Your instructions:
Copy the lines below, word for word, from the first through the line containing "武汉理工大学848自动控制原理2011年真题答案手写版". Leave the pictures out.

Collected data:
_ _ _ _
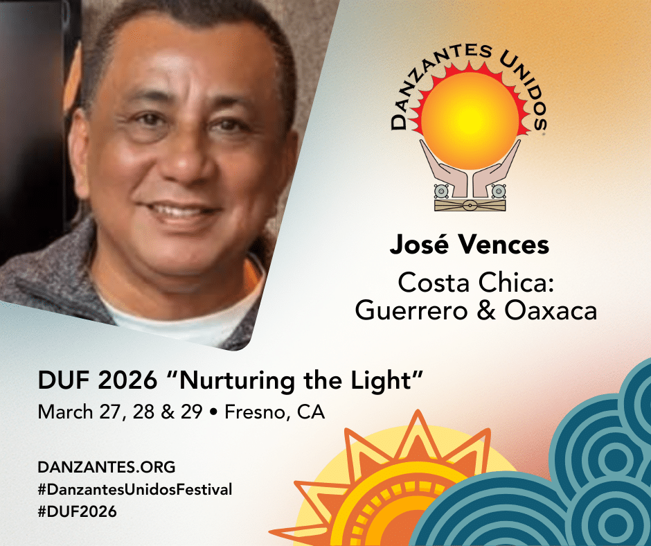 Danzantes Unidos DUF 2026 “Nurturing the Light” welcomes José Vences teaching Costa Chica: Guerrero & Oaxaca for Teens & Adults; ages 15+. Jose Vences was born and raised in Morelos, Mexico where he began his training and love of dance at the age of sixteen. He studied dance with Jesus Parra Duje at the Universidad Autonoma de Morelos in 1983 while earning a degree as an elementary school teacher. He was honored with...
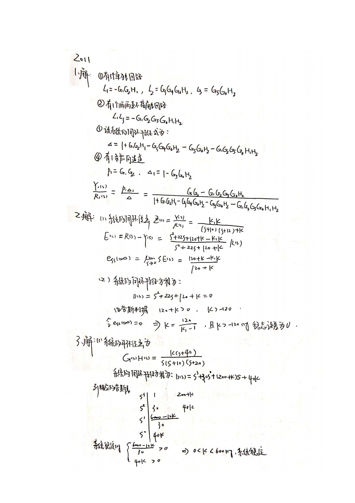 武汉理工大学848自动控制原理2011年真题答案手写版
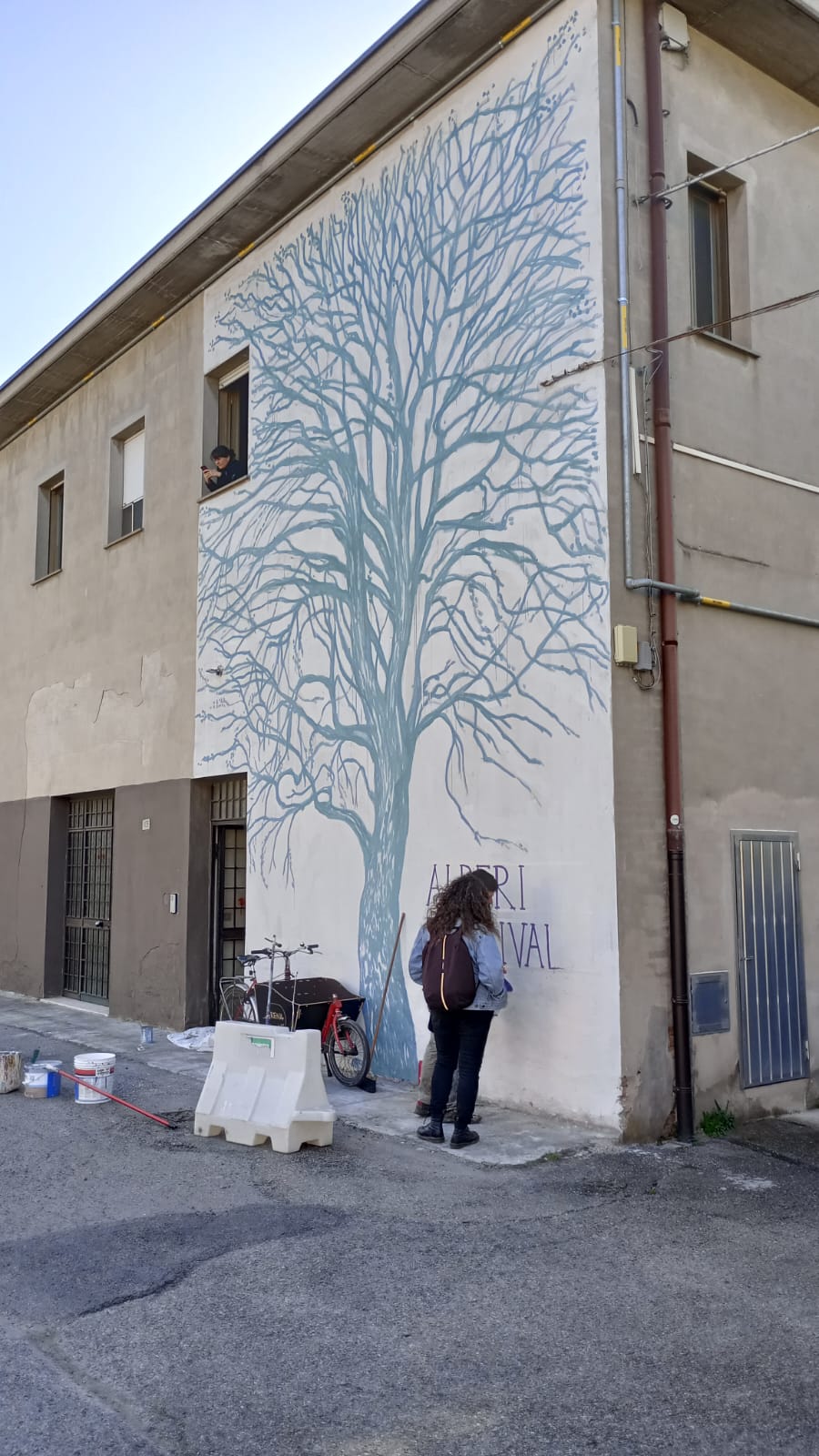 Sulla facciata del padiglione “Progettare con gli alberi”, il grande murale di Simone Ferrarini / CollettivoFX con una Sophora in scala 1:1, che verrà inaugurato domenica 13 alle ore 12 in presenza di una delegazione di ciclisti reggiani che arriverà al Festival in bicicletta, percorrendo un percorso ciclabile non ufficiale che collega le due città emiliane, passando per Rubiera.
_ _ _ _
Reply:
 Danzantes Unidos DUF 2026 “Nurturing the Light” welcomes José Vences teaching Costa Chica: Guerrero & Oaxaca for Teens & Adults; ages 15+. Jose Vences was born and raised in Morelos, Mexico where he began his training and love of dance at the age of sixteen. He studied dance with Jesus Parra Duje at the Universidad Autonoma de Morelos in 1983 while earning a degree as an elementary school teacher. He was honored with...
 武汉理工大学848自动控制原理2011年真题答案手写版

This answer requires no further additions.